- HOW TO COMPLETE THIS TASK
Your copy should begin with the line containing "En serene ansikte", end with the line containing "Drvena slagalica s", match the listing below exactly, and contain no pictures.

- EXERCISE MATERIAL
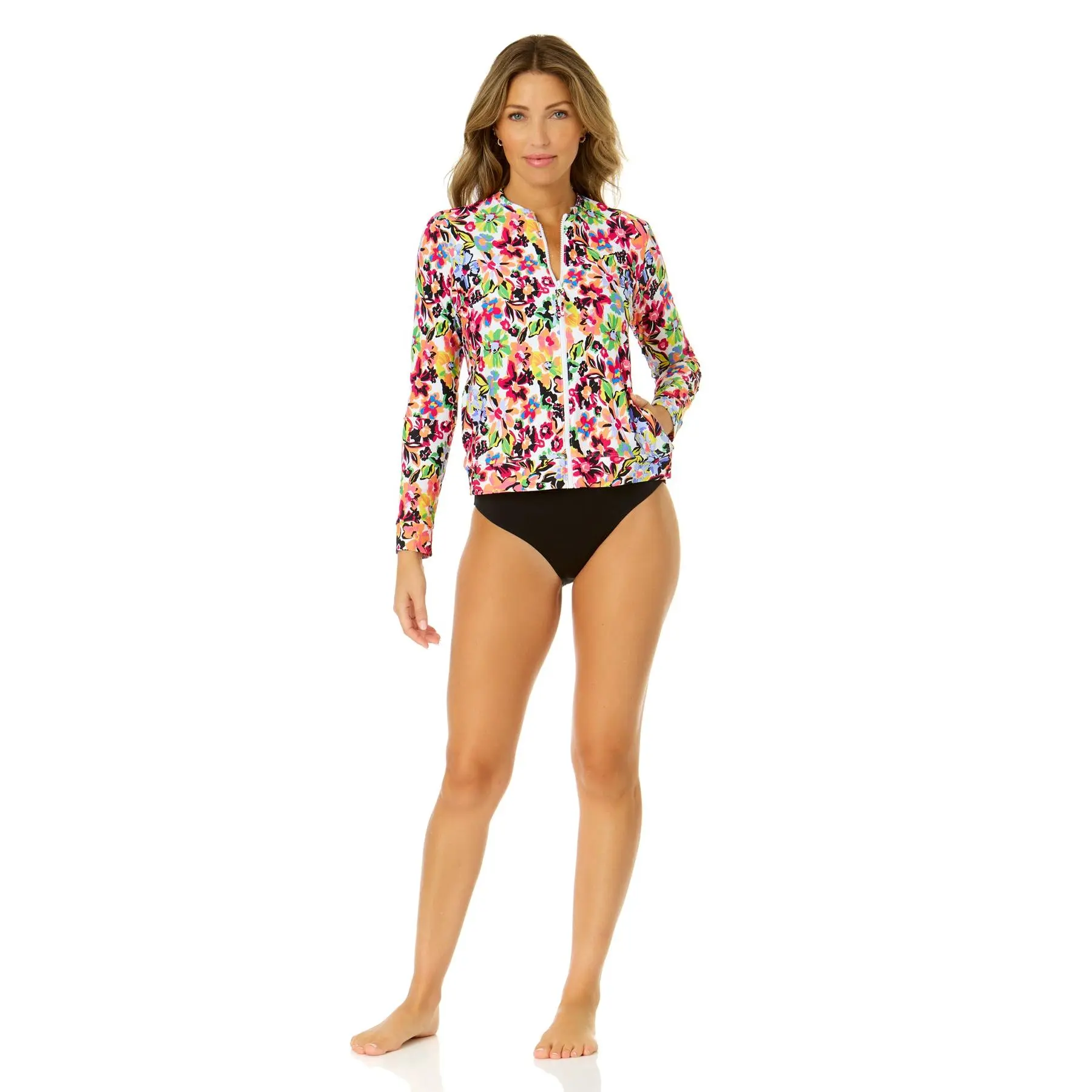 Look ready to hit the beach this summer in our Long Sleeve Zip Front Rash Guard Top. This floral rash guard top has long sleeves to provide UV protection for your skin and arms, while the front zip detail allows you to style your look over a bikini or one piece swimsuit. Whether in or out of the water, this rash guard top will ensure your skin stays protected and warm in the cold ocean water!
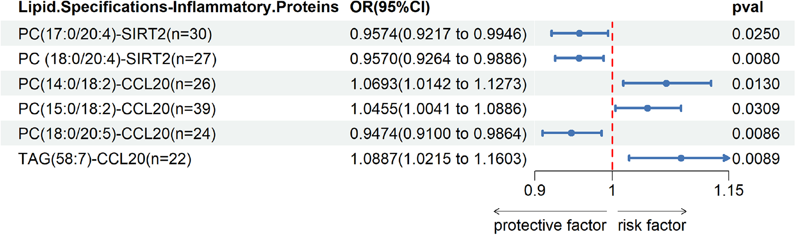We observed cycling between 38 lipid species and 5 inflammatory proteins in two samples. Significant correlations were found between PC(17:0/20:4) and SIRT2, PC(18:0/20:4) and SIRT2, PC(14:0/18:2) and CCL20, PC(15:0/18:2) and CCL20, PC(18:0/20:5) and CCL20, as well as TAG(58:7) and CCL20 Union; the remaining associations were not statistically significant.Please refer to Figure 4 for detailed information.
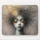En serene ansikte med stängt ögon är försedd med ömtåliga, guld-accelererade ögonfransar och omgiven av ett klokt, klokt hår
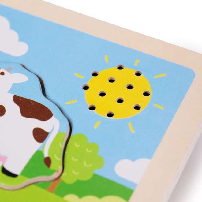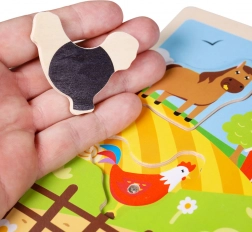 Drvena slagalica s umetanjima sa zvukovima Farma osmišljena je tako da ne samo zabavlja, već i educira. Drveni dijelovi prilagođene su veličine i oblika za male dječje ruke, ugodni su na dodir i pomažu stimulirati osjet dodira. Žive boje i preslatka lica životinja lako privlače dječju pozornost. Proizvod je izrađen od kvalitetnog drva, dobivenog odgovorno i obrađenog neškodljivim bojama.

==

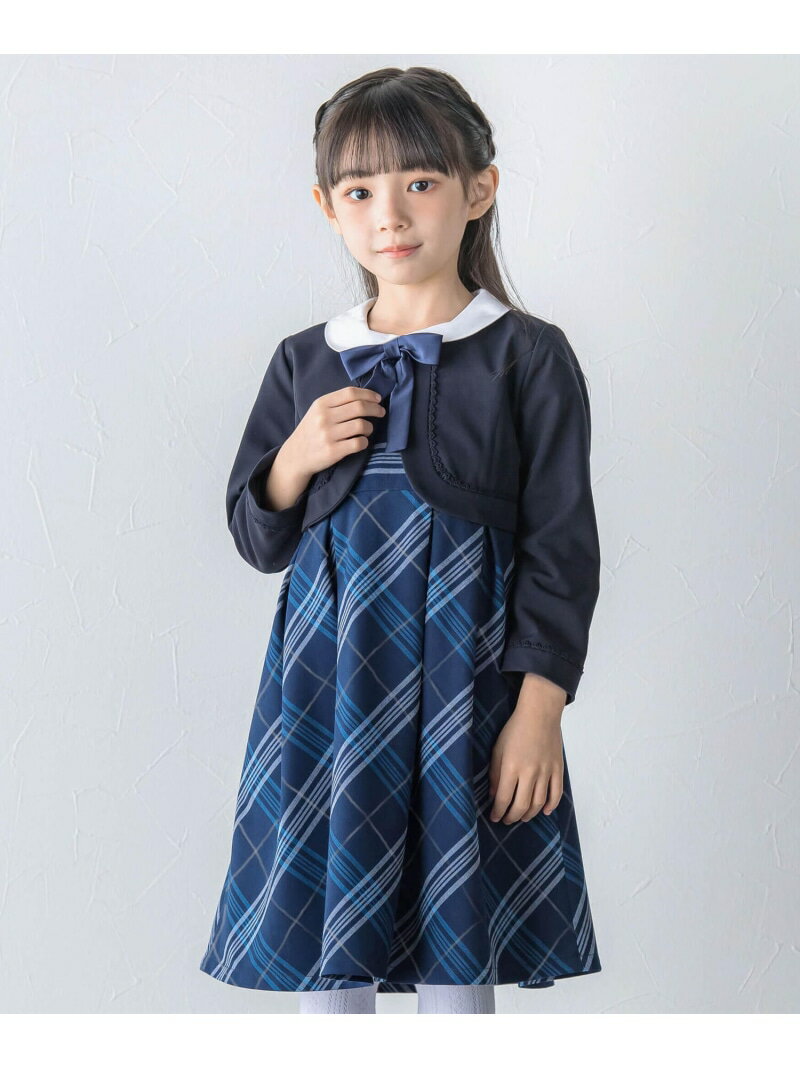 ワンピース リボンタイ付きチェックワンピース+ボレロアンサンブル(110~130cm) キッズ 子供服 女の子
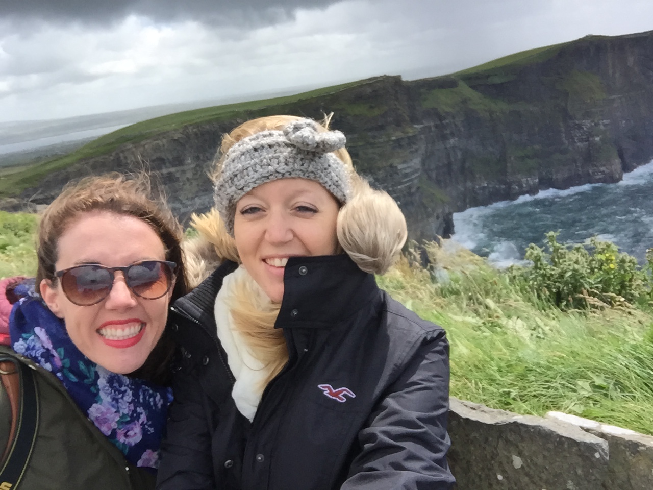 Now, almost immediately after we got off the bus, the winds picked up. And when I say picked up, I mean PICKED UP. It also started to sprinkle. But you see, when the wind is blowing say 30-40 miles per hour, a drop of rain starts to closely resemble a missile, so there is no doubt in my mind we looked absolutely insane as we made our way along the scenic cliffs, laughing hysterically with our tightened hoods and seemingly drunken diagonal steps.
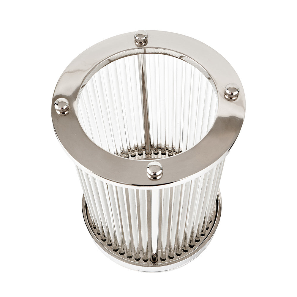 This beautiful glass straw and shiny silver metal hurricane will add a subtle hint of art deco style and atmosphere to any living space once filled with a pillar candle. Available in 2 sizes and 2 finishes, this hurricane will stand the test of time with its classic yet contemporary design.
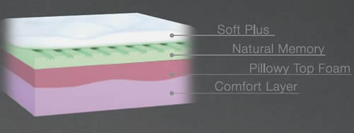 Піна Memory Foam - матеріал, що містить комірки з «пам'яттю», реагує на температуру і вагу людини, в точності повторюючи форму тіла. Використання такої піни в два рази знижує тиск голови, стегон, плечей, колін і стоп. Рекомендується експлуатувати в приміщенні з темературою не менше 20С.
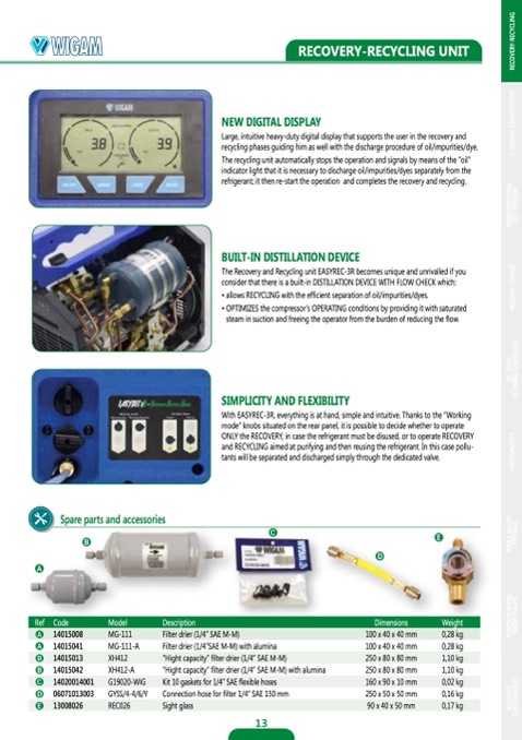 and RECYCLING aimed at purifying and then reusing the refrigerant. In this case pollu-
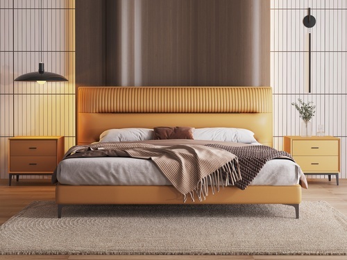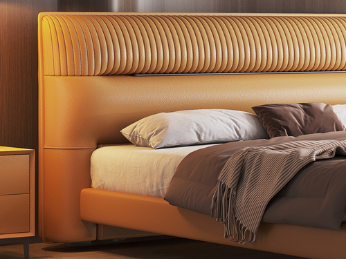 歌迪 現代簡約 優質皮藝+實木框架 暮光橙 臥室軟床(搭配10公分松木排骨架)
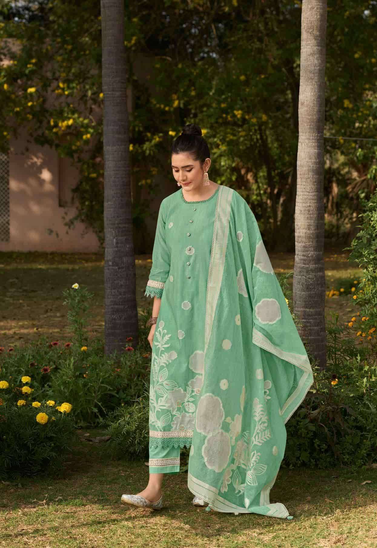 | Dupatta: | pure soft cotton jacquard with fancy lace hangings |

- SOLUTION FOR THIS PROBLEM
En serene ansikte med stängt ögon är försedd med ömtåliga, guld-accelererade ögonfransar och omgiven av ett klokt, klokt hår
 Drvena slagalica s umetanjima sa zvukovima Farma osmišljena je tako da ne samo zabavlja, već i educira. Drveni dijelovi prilagođene su veličine i oblika za male dječje ruke, ugodni su na dodir i pomažu stimulirati osjet dodira. Žive boje i preslatka lica životinja lako privlače dječju pozornost. Proizvod je izrađen od kvalitetnog drva, dobivenog odgovorno i obrađenog neškodljivim bojama.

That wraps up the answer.